• _WORK ORDER_: Setting aside any pictures, reproduce the data exactly.

• _GIVEN RECORDS_:
_ _ _

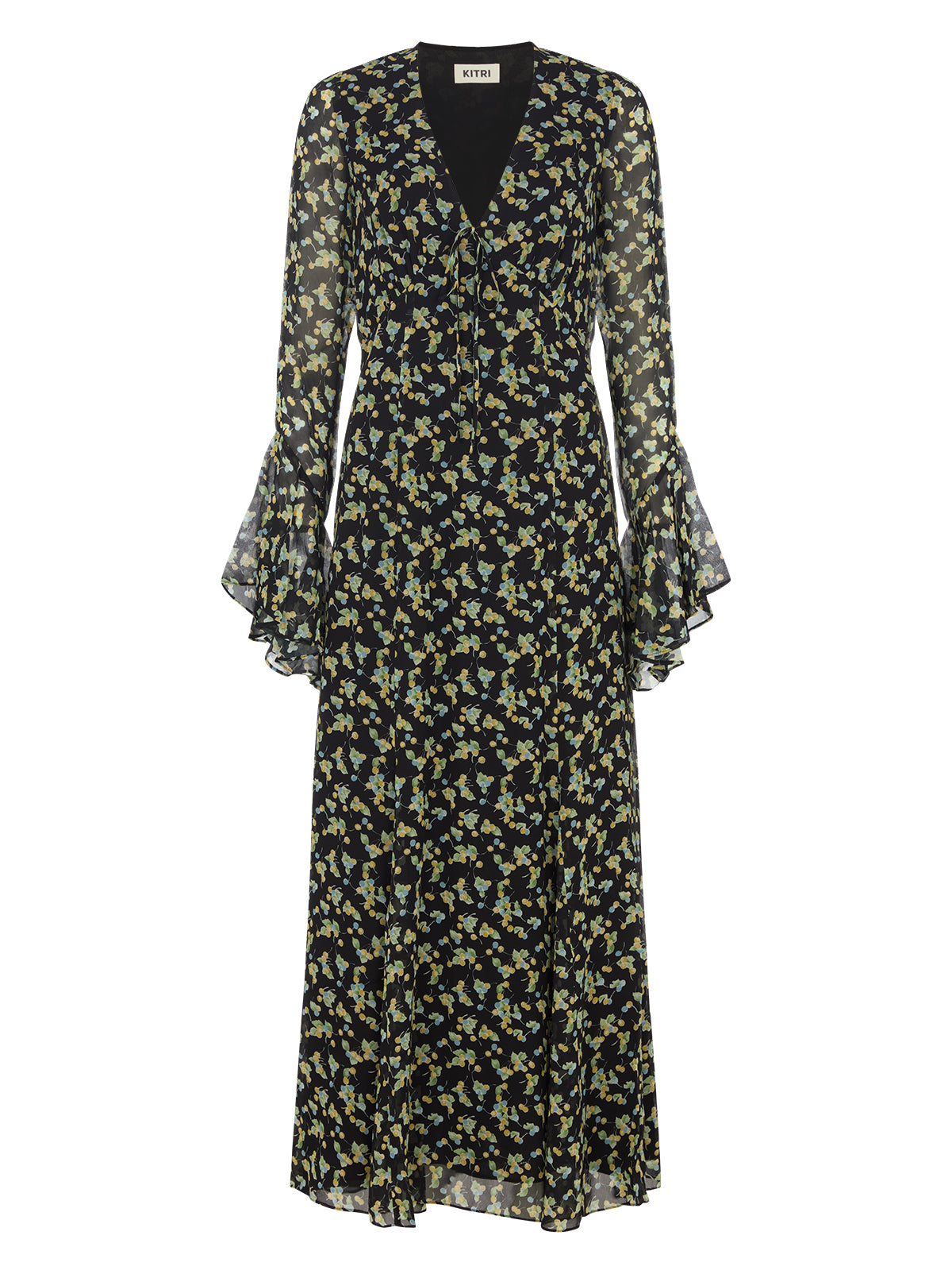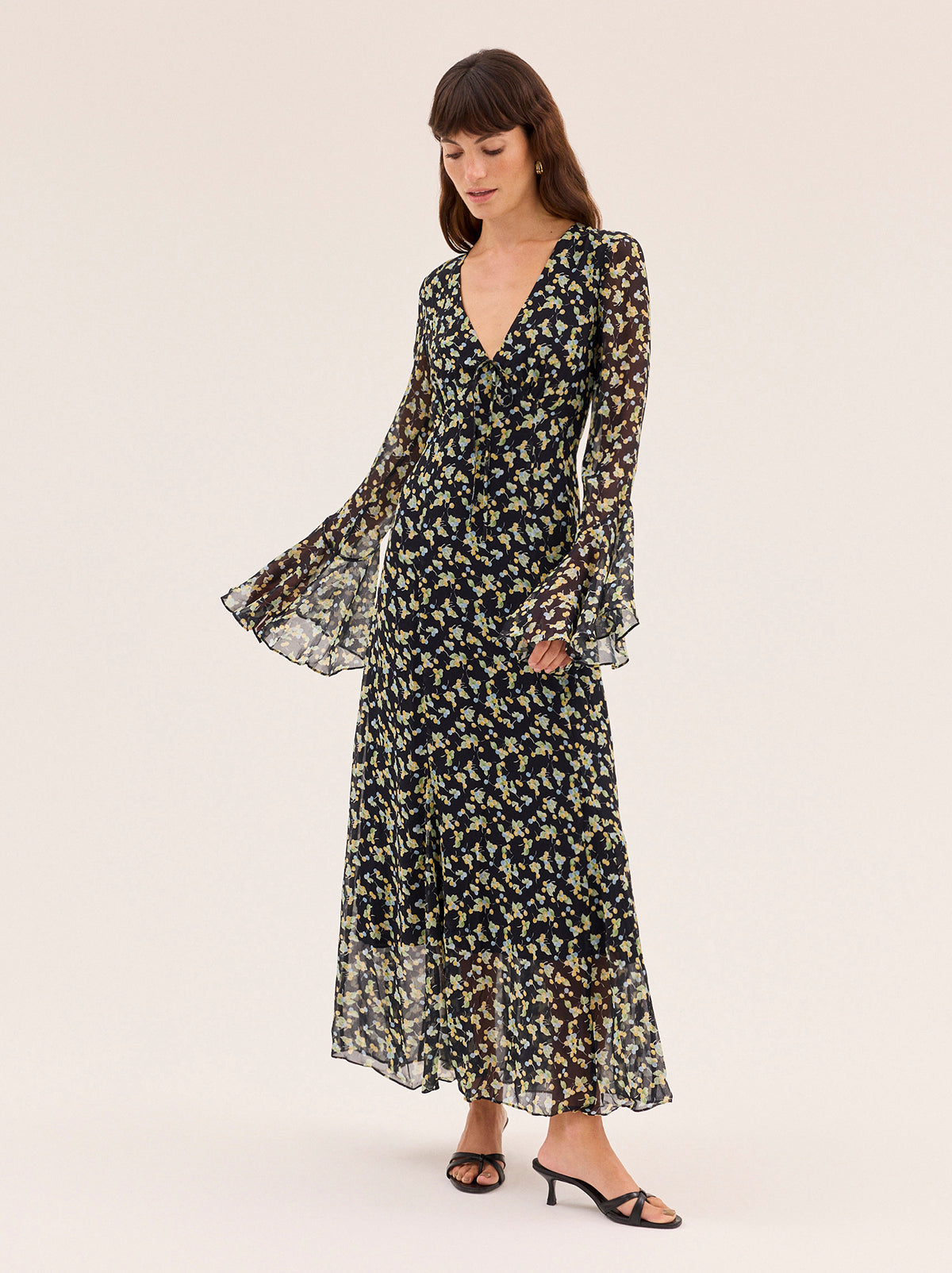 A flattering V-neckline flows into an empire line bodice, with a delicate tie bow at the neck for an elegant, feminine touch. The bias-cut silhouette skims the body, while godet detailing on the full skirt adds volume and swish with every step. Boho-fluted sleeves lend a soft, romantic feel, enhancing the dress’s vintage charm.
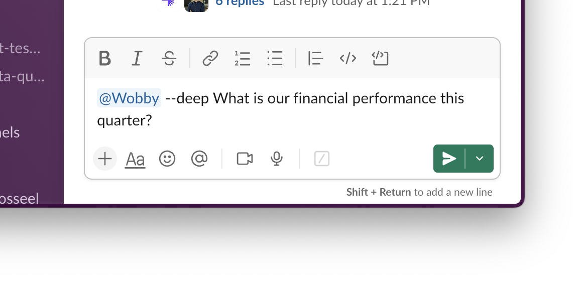 You can easily switch between Deep Analysis and Quick Analysis by selecting it when sending a message to Actian AI Analyst. If you are using Actian AI Analyst in Slack, you can trigger Deep Research by adding --deep to your query.
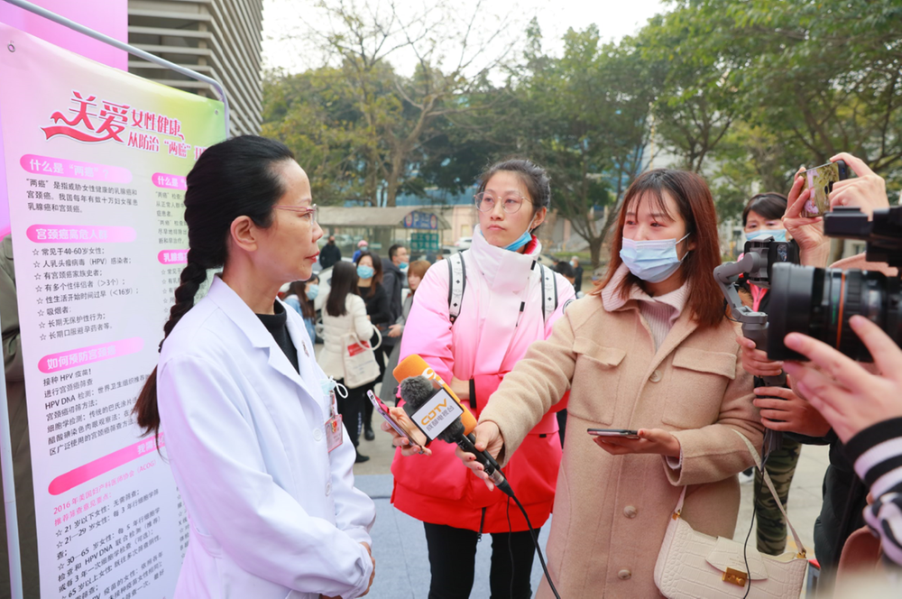 3月5日上午,由中國(guó)癌癥基金會(huì)主辦,四川省腫瘤醫(yī)院(四川省癌癥防治中心)聯(lián)合省總工會(huì)、省困難職工幫扶基金會(huì)、武侯區(qū)疾病預(yù)防控制中心,以及8家市級(jí)癌癥防治中心(成都市第七人民醫(yī)院、德陽(yáng)市人民醫(yī)院、自貢市第一人民醫(yī)院、自貢市第四人民醫(yī)院、內(nèi)江市第二人民醫(yī)院、宜賓市第二人民醫(yī)院、廣安市人民醫(yī)院、資陽(yáng)市人民醫(yī)院)共同承辦的2021年四川省“為了姐妹們的健康與幸福”子宮頸癌和乳腺癌防治宣傳咨詢活動(dòng)在四川省腫瘤醫(yī)院健康管理•腫瘤篩查中心正式啟動(dòng)。
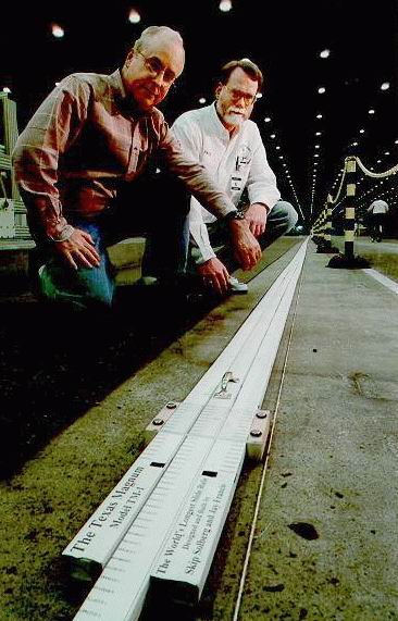 352 Foot Working rule!An amazing bit of applied science created by Skip Solberg and Jay Francis, and now enshrined in the Guiness Book of World Records! This newspaper clipping tells most of the story pretty well. Early reports are 5 place accuracy, with the ability to resolve 6 places if the heavens are in correct alignment. Needless to say, they are from Texas. I wonder what the case looks like?Is there a belt loop? See also THIS SECTION for a late breaking report on WHY this rule was actually made and where it wound up.... |
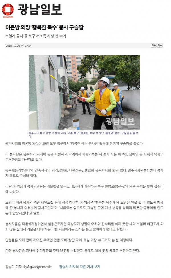 이은방 광주시의장, 저소득 가정 집수리 봉사 (호남매일)
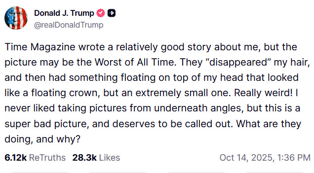 特朗普寫道:“《時代》寫了一篇關於我的還算不錯的報道,但選擇了可能是史上最差的一張照片。他們讓我的頭髮‘消失’了,然後在我頭頂上方放上了某種漂浮的東西,看起來像一頂漂浮的王冠,但卻非常小。真的很詭異!”
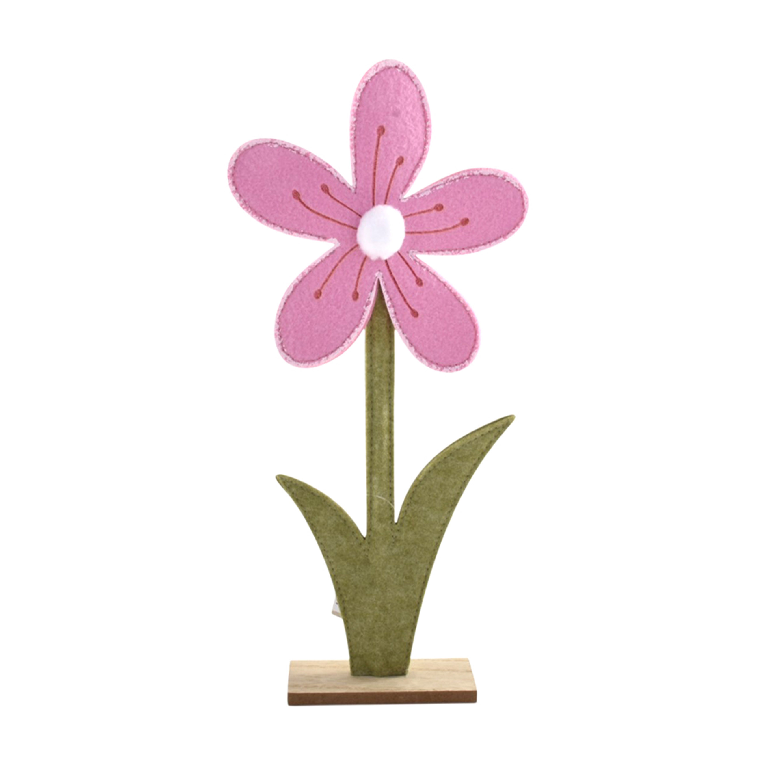 Descrizione Fiore Margherita Rosa di Feltro, con base in legno
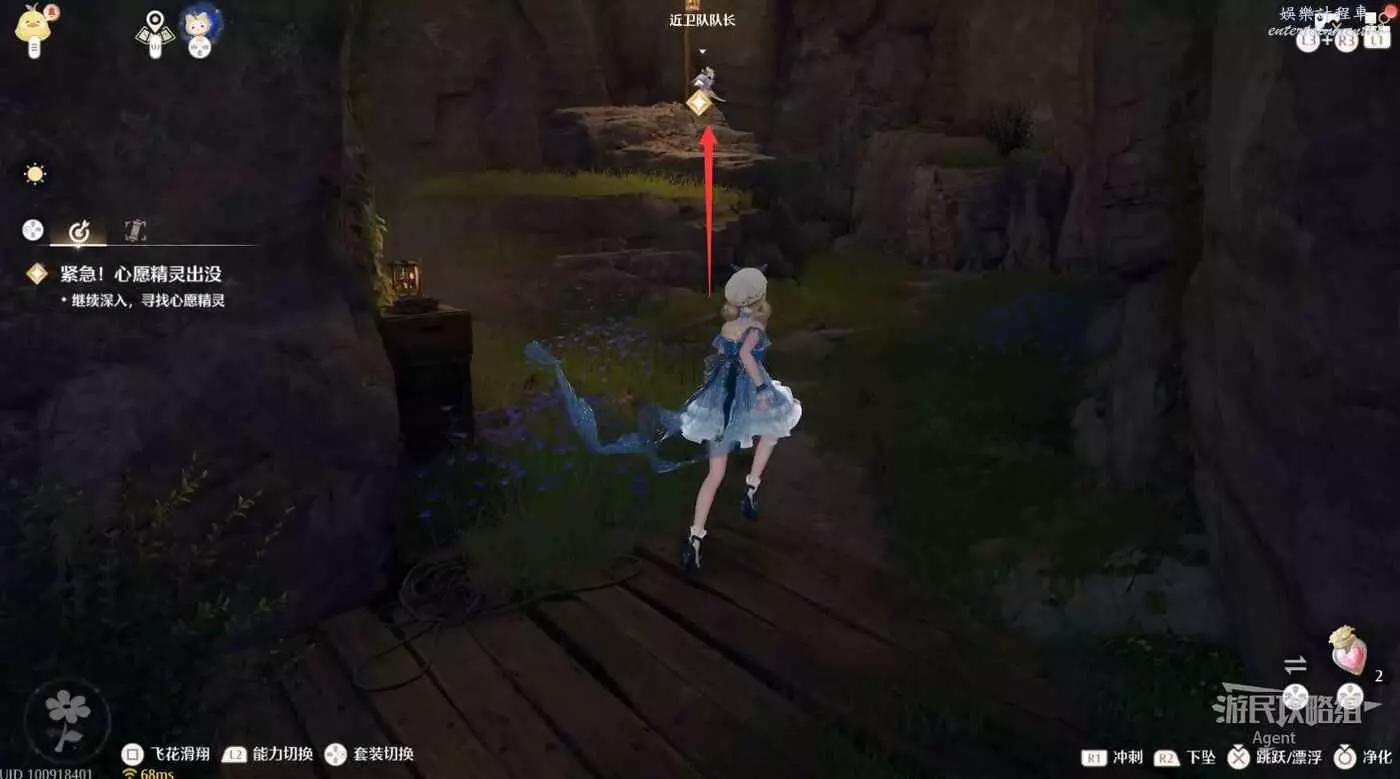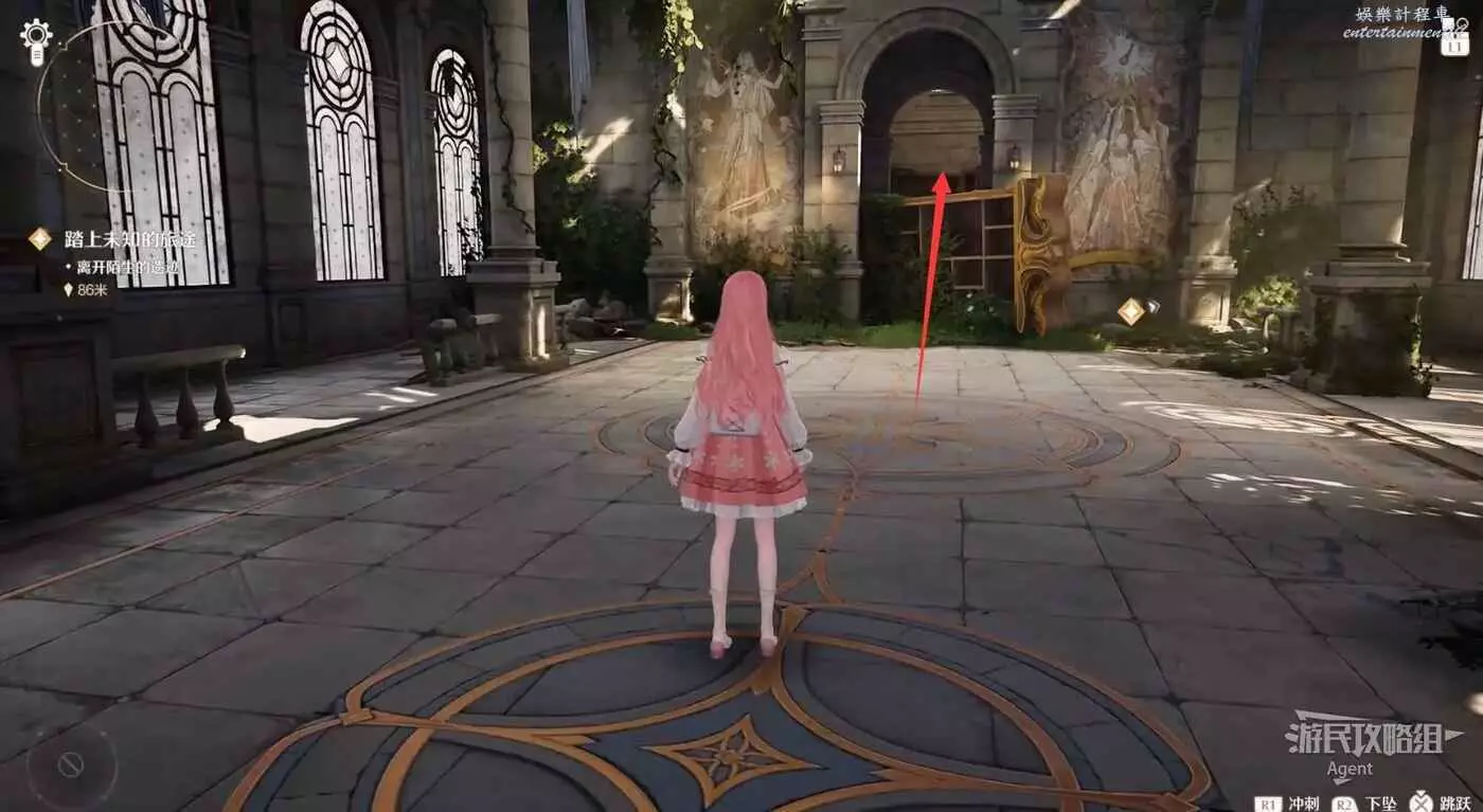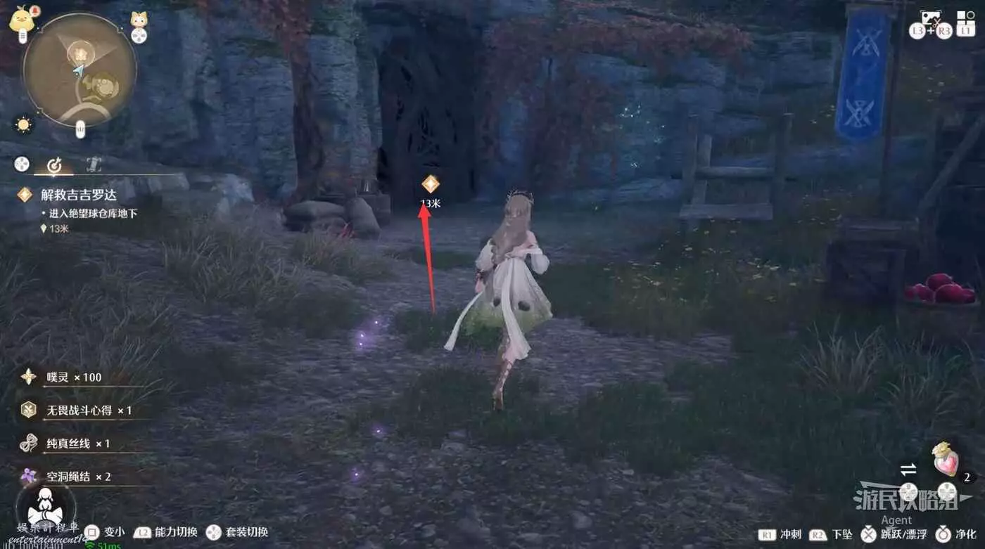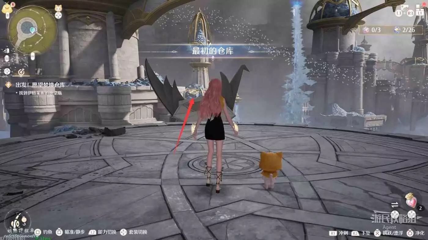願望夢境倉庫入口在高處,利用旁邊的柱子跳上去。

_ _ _

• _ANSWER TO THIS EXERCISE_:
 A flattering V-neckline flows into an empire line bodice, with a delicate tie bow at the neck for an elegant, feminine touch. The bias-cut silhouette skims the body, while godet detailing on the full skirt adds volume and swish with every step. Boho-fluted sleeves lend a soft, romantic feel, enhancing the dress’s vintage charm.
 You can easily switch between Deep Analysis and Quick Analysis by selecting it when sending a message to Actian AI Analyst. If you are using Actian AI Analyst in Slack, you can trigger Deep Research by adding --deep to your query.
 3月5日上午,由中國(guó)癌癥基金會(huì)主辦,四川省腫瘤醫(yī)院(四川省癌癥防治中心)聯(lián)合省總工會(huì)、省困難職工幫扶基金會(huì)、武侯區(qū)疾病預(yù)防控制中心,以及8家市級(jí)癌癥防治中心(成都市第七人民醫(yī)院、德陽(yáng)市人民醫(yī)院、自貢市第一人民醫(yī)院、自貢市第四人民醫(yī)院、內(nèi)江市第二人民醫(yī)院、宜賓市第二人民醫(yī)院、廣安市人民醫(yī)院、資陽(yáng)市人民醫(yī)院)共同承辦的2021年四川省“為了姐妹們的健康與幸福”子宮頸癌和乳腺癌防治宣傳咨詢活動(dòng)在四川省腫瘤醫(yī)院健康管理•腫瘤篩查中心正式啟動(dòng)。
 352 Foot Working rule!An amazing bit of applied science created by Skip Solberg and Jay Francis, and now enshrined in the Guiness Book of World Records! This newspaper clipping tells most of the story pretty well. Early reports are 5 place accuracy, with the ability to resolve 6 places if the heavens are in correct alignment. Needless to say, they are from Texas. I wonder what the case looks like?Is there a belt loop? See also THIS SECTION for a late breaking report on WHY this rule was actually made and where it wound up.... |
 이은방 광주시의장, 저소득 가정 집수리 봉사 (호남매일)
 特朗普寫道:“《時代》寫了一篇關於我的還算不錯的報道,但選擇了可能是史上最差的一張照片。他們讓我的頭髮‘消失’了,然後在我頭頂上方放上了某種漂浮的東西,看起來像一頂漂浮的王冠,但卻非常小。真的很詭異!”
 Descrizione Fiore Margherita Rosa di Feltro, con base in legno
願望夢境倉庫入口在高處,利用旁邊的柱子跳上去。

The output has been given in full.